The checksum (aka hash sum) calculation is a one way process of mapping a large data set of variable length (e.g. message, file), to a smaller data set of a fixed length (hash). The length depends on a hashing algorithm.

Note that one way process means it is not possible to perform a reverse calculation i.e. to compute input data (message, file etc.) out of the checksum value. Even though it is possible to find a message which produces the same checksum (for example using rainbow tables), you will never know if the message is identical to the original one or not.

For checksum generation we can use node crypto module. The module uses createHash(algorithm) to create a checksum (hash) generator. The algorithm is dependent on the available algorithms supported by the version of OpenSSL on the platform. Some examples:

  • md5 for MD5 message-digest algorithm
  • sha1 for SHA-1 is a cryptographic hash function

In order to get a list of all available hash algorithms you can use crypto.getHashes().

var crypto = require('crypto');

crypto.getHashes() // [ 'dsa', 'dsa-sha', ..., 'md5', ... ]

A simple method generating checksum value form static input:

var crypto = require('crypto');

function checksum (str, algorithm, encoding) {
    return crypto
        .createHash(algorithm || 'md5')
        .update(str, 'utf8')
        .digest(encoding || 'hex')
}

checksum('This is my test text');         // e53815e8c095e270c6560be1bb76a65d
checksum('This is my test text', 'sha1'); // cd5855be428295a3cc1793d6e80ce47562d23def

You can also calculate checksum of a file content using following approach. Note that this approach should be used for small files only. Large files should be handled in a different way, which I will describe shortly.

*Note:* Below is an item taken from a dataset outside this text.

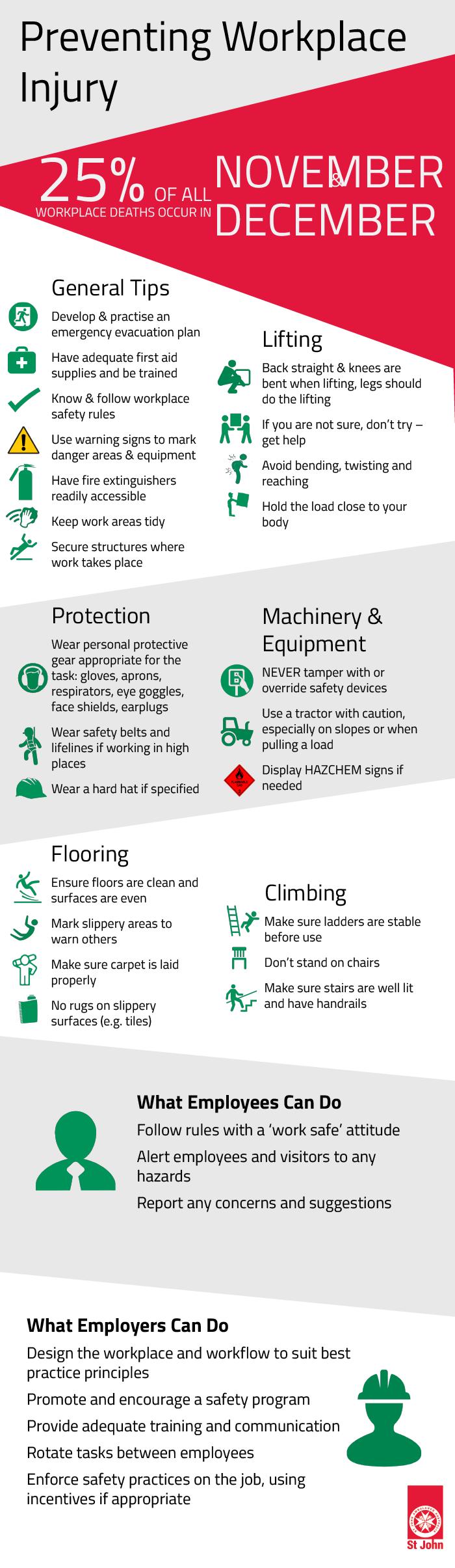 This is a tragic but avoidable reality which is everyone’s responsibility to work towards improving. Many organisations are continually implementing ways to make their workplace safer, however accidents still happen. While First Aid Training and up to date equipment greatly help improve survival in the event of an incident, the goal should also be to reduce the number of incidents from occurring. As the old saying goes, prevention is better than a cure!

var crypto = require('crypto'), fs = require('fs');

// checksum function definition as above
// Note that content of the test.dat file is "This is my test text"

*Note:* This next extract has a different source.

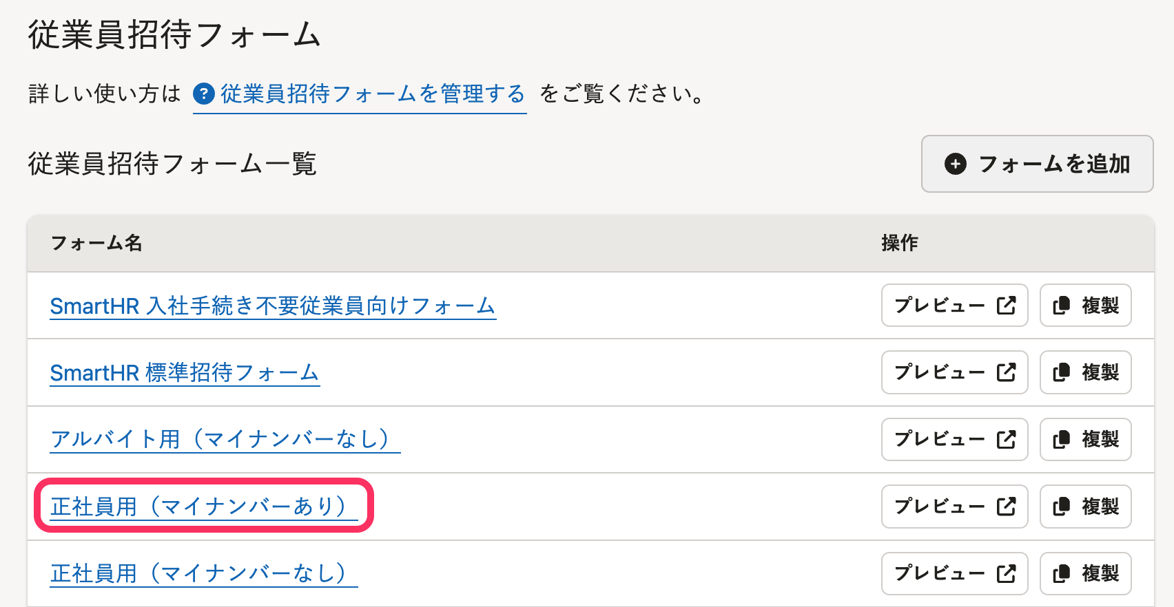 従業員招待フォーム一覧で、設定を変更したいフォームを押します。

fs.readFile('test.dat', function (err, data) {
    checksum(data);         // e53815e8c095e270c6560be1bb76a65d
    checksum(data, 'sha1'); // cd5855be428295a3cc1793d6e80ce47562d23def
});

Let's now check how to handle big files. And how big is big? That obviously depends on the context. Sometimes it might be a few MB and sometimes it might be one GB.

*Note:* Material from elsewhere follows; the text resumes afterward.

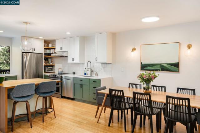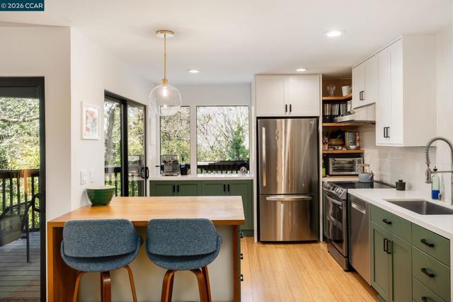 Live in the heart of Lafayette at the top of Dewing! This beautifully remodeled split-level, ground floor condo offers the perfect blend of style, privacy, and walkable convenience. Situated next to downtown dining, shopping, trails, and top-rated schools. Tucked among mature trees and the creek, this home is a peaceful retreat in an unbeatable location. With 1,257 sq ft of light-filled living space, this home lives larger than expected. The open-concept main level features floor-to-ceiling windows, gives treehouse vibes, and offers a seamless flow between the updated kitchen, dining, and living areas. Downstairs, both spacious bedrooms feature remodeled ensuite baths and custom California Closets. Multiple balconies create effortless indoor-outdoor living, while the primary suite includes private storage off the deck. In-unit laundry adds everyday ease. With a 9/10 walk score and downtown Lafayette just outside your door, this is the lifestyle buyers have been waiting for.

Code snippet is as follows:

var hash = crypto.createHash('md5'), 
    stream = fs.createReadStream('mybigfile.dat');

stream.on('data', function (data) {
    hash.update(data, 'utf8')
})

stream.on('end', function () {
    hash.digest('hex'); // 34f7a3113803f8ed3b8fd7ce5656ebec
})

Note that the hasher (checksum generator) is updated with every chunk of data coming from the file stream (data event) and digest is generated when all the stream data has been consumed (end event).